Before joining Google, I was a Google Ph.D. Fellow and a Mavis Future Faculty Fellow and I received my Ph.D. from the University of Illinois Urbana-Champaign (UIUC) in 2022. My advisor is Prof. Deming Chen and I closely work with Prof. Wen-mei Hwu and Prof. Junjun Xiong. I received my B.S. and M.S. in UESTC, Chengdu, China.
My research interests include AI Systems, Energy-efficient Computing, and HW/SW Co-design.
Contact Information
xiaofanz at google dot com
Successfully defended my PhD Thesis, July, 2022
I have successfully defended my Ph.D. thesis! I am exceptionally grateful for receiving a lot of help and support from my advisors, colleagues, friends, and family over the years.
My thesis Efficient AI Hardware Acceleration is available for open access.
AutoDistill makes NLP models run efficiently on TPUv4i
Our recent collaboration with Google proposes AutoDistill, an end-to-end model distillation and model architecture exploration framework for building hardware-aware NLP pre-trained models with BERT-level accuracy but 5X fewer parameters.
[ Paper ]
Xiaofan Wins ACM Student Research Competition at ICCAD'21, Nov. 2021.
Xiaofan received the 1st place winner award of the ACM Student Research Competition at ICCAD 2021 by proposing three end-to-end design flows for building efficient edge and cloud AI systems. These flows are parts of Xiaofan's latest research including EcoSys (published in TCAD), F-CAD (published in DAC'21), and SkyNet (published in MLSys'20).
Distributed GPU Acceleration Work Accepted by ICPP'21, Jun. 2021.
This work proposes a distributed GPU system with HW/SW optimization strategies to leverage texture identification applications. It contains a highly optimized cuBLAS implementation, a hybrid GPU cache design, a customized batch process, and an asymmetric local feature extraction scheme for a more powerful and efficient system design.

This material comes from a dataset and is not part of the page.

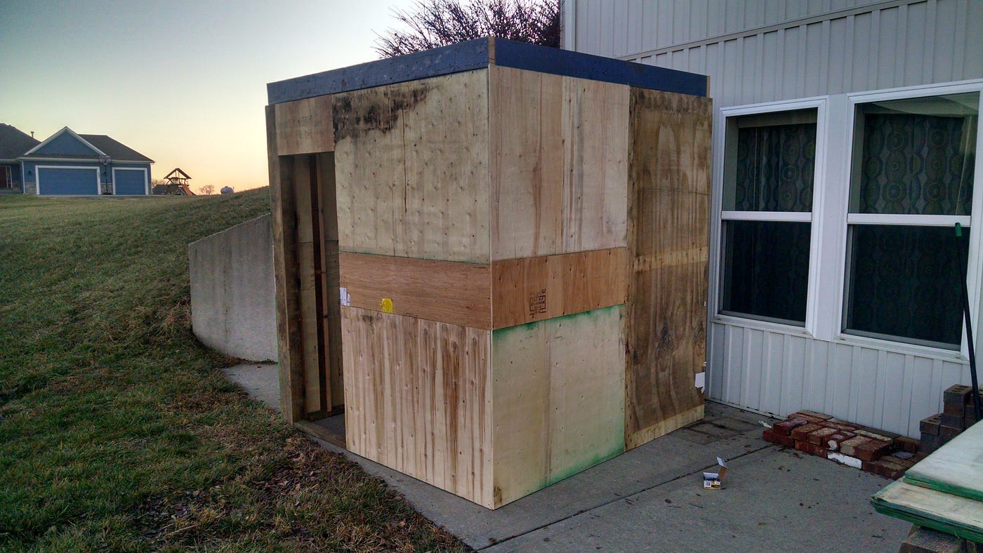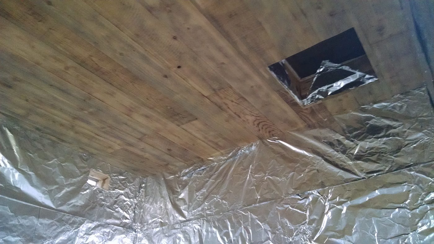 I set up a few Craigslist alerts on my phone to let me know when scrap wood, stove, chimney and other materials would pop up. I was able to source all of the wood for about $40, which included enough cedar for the interior and benches. Everything but the fasteners (nails, staples, rivets, and stove cement), vapor foil, thermometer, and the solar light is reclaimed. The insulation was leftovers from building my workshop, the stove came from a trade of reclaimed plywood, the chimney from Craigslist, some bricks from a house being torn down, the roof tar paper from a builder, the shingles from wood scrap, the flashing from aluminum scrap. I have about $380 into the project, with the biggest single expense, by far, being the chimney components.

It is the first work that provides real-time large-scale texture identification on distributed GPUs with 31X faster search and 20X larger feature cache capacity than conventional CUDA implementation.
Xiaofan Receives Rambus and Mavis Future Faculty Fellowship, Apr. 2021
Xiaofan has been awarded two highly competitive fellowships for 2021-2022: 1) the Rambus Computer Engineering Fellowship to recognize his outstanding research achievements in the computer engineering area;
2) the Mavis Future Faculty Fellowship (MF3) to recognize his great potential to be the next generation of engineering faculty.
F-CAD Accepted by DAC'21 as the First VR Avatar Accelerator Design, Feb. 2021
Our work with Facebook Reality Labs Research titled F-CAD: A Framework to Explore Hardware Accelerators for Codec Avatar Decoding is accepted by DAC'21. F-CAD is the first work that provides systemic design methodologies for building hardware accelerators to handle the demanding codec avatar decoding process. Codec avatar is one of the most impressive breakthroughs in VR applications that provides photorealistic reproduction of human appearance and real-time expressions.
[ Paper ]
Xiaofan's News Selected as the Top-5 CSL Stories of 2020, Jan. 2021
The Coordinated Science Laboratory (CSL) selected the five most popular news stories from its website in 2020. One of them was the story titled "CSL student receives 2020 Google Ph.D. Fellowship", reporting the story behind Xiaofan's Google Ph.D. fellowship.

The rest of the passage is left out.